Заготовку дров он взял на себя добровольно. По вечерам исчезал куда-то и возвращался то с доской, то со старым стулом, однажды притащил письменный стол. Погода стояла не очень холодная, и этого было достаточно.

— Где ты берешь все это? — спросил его как-то Саша.

Петр расхохотался:

— Ворую, где же еще.

— Давай пойдем вместе.

— Нет уж, нетушки — с тобой еще попадешься кому-нибудь под горячую руку…

В бывшем здании университета с начала войны разместился завод, факультеты были разбросаны по всему городу. Саше повезло: исторический был в двух кварталах от общежития. Среди студентов Саша выделялся не очень — добрая половина из них была покалечена войной, и не он один ходил с палкой. Первое время Сашу не раз даже спрашивали, на каком фронте воевал. Скоро и эта напасть минула, к нему привыкли. И он быстро освоился в новой обстановке — помогли и общительность характера, и «привычка к перемене мест». С каждым днем утверждался Саша и в самом главном: учиться в университете он сможет! Уже несколько раз выступал на семинарских занятиях, и получалось не хуже других. Рука только сильно уставала — учебников по Брайлю нет и приходилось все конспектировать. К студенческому быту тоже приспособился, даже суп варить научился. Закладка простая: картошка, капуста, если есть, лапша. Труднее всего было освоить чистку картофеля. Борисков несколько раз вырывал нож: «Ты же основной продукт в хлам превращаешь!» Стал каждую картофелину разрезать на ломтики и уже не проходил ножом по очищенному месту.

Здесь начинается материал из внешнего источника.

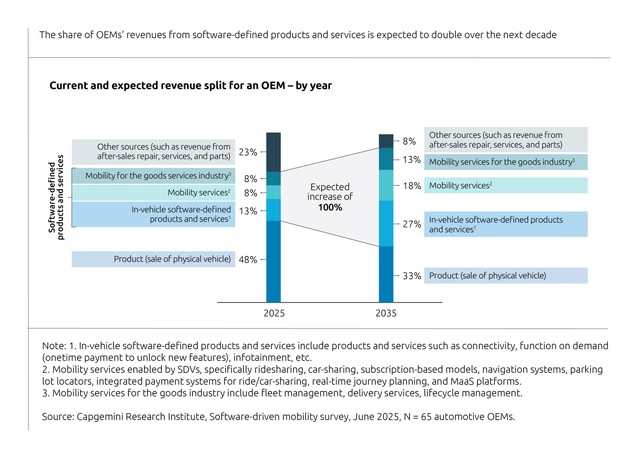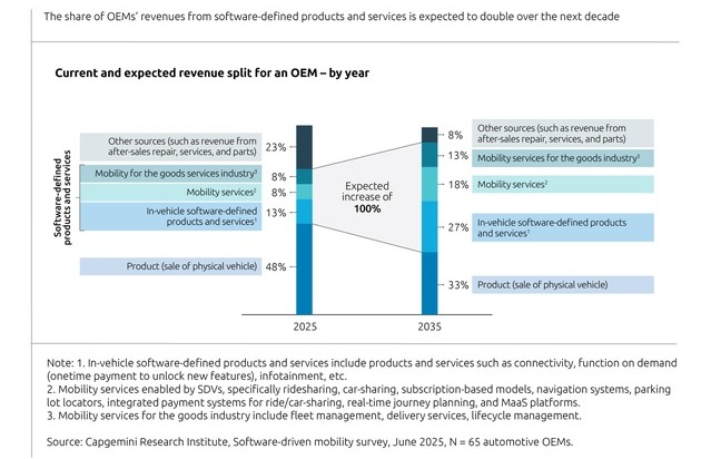 Die Automobilbranche befindet sich in einem tiefgreifenden Umbruch. Softwarebasierte Fahrzeugfunktionen sowie Mobilitätsdienstleistungen werden im Jahr 2035 mehr als die Hälfte des Gesamtumsatzes von OEMs (Original Equipment Manufacturer) ausmachen - damit verdoppelt sich der Anteil im Vergleich zu heute. Während die Hersteller heute noch knapp die Hälfte ihres Umsatzes mit dem Verkauf von Fahrzeugen erwirtschaften, wird dieser Anteil bis 2035 auf ein Drittel sinken. Das zeigt die aktuelle Studie des Capgemini Research Institute, "The software-driven mobility era: Beyond vehicles". Über 80 Prozent der Befragten gehen davon aus, dass softwarebasierte Funktionen und Dienstleistungen künftig den Großteil der Wertschöpfung ausmachen, nicht mehr das Fahrzeug selbst.

Жили голодно — много ли хлеба, жиров и крупы давали по карточкам, и потому картошка и в самом деле была основным продуктом. Саша ездил за ней по выходным через две недели, и по возвращении комната «пировала».

Прямого поезда до Сухого Лога не было. Саша выезжал из Свердловска утром, к вечеру добирался до дома и через несколько часов снова спешил на вокзал. Так было и в этот злополучный для Саши Камаева день. При возвращении в Свердловск кое-как пробился на подножку, одной рукой ухватился за поручень. В другой — футляр из-под баяна, в котором возил картофель, и палка. Протиснуться в тамбур, даже подняться на одну ступеньку, не удалось. Дверь открыта, стоит кому-нибудь давнуть как следует — и поминай как звали. Ветер рвет футляр из руки, сбивает дыхание. Особенно страшно было на мосту. Свист, грохот, смерть! Мелькнул в памяти буран, при котором едва не попал под снегочист. Мелькнул и померк — пустяком показался. Сашу все-таки вытолкнули, ударили чем-то по голове, но уже на станции Кунара при остановке поезда. Кто-то прыгнул вслед за ним, пытался вырвать «баян». Отбился палкой.

После Кунары стало свободнее. Сумел протиснуться до дверей вагона. В Богдановиче на пути к вокзалу стоял товарняк. Как его обойти? Где у него начало и где хвост? Услышал, что люди лезут под вагоны, и нырнул вслед за ними. Был еще на рельсах, когда стукнули буфера и поезд тронулся. Метнулся вперед и отделался легким испугом. А в Свердловске и испугаться не успел. Из-за шума трамвая не услышал машины и был сбит ею на улице Ленина. Какие-то ребятишки помогли подняться, довели до общежития и передали с рук на руки Борискову.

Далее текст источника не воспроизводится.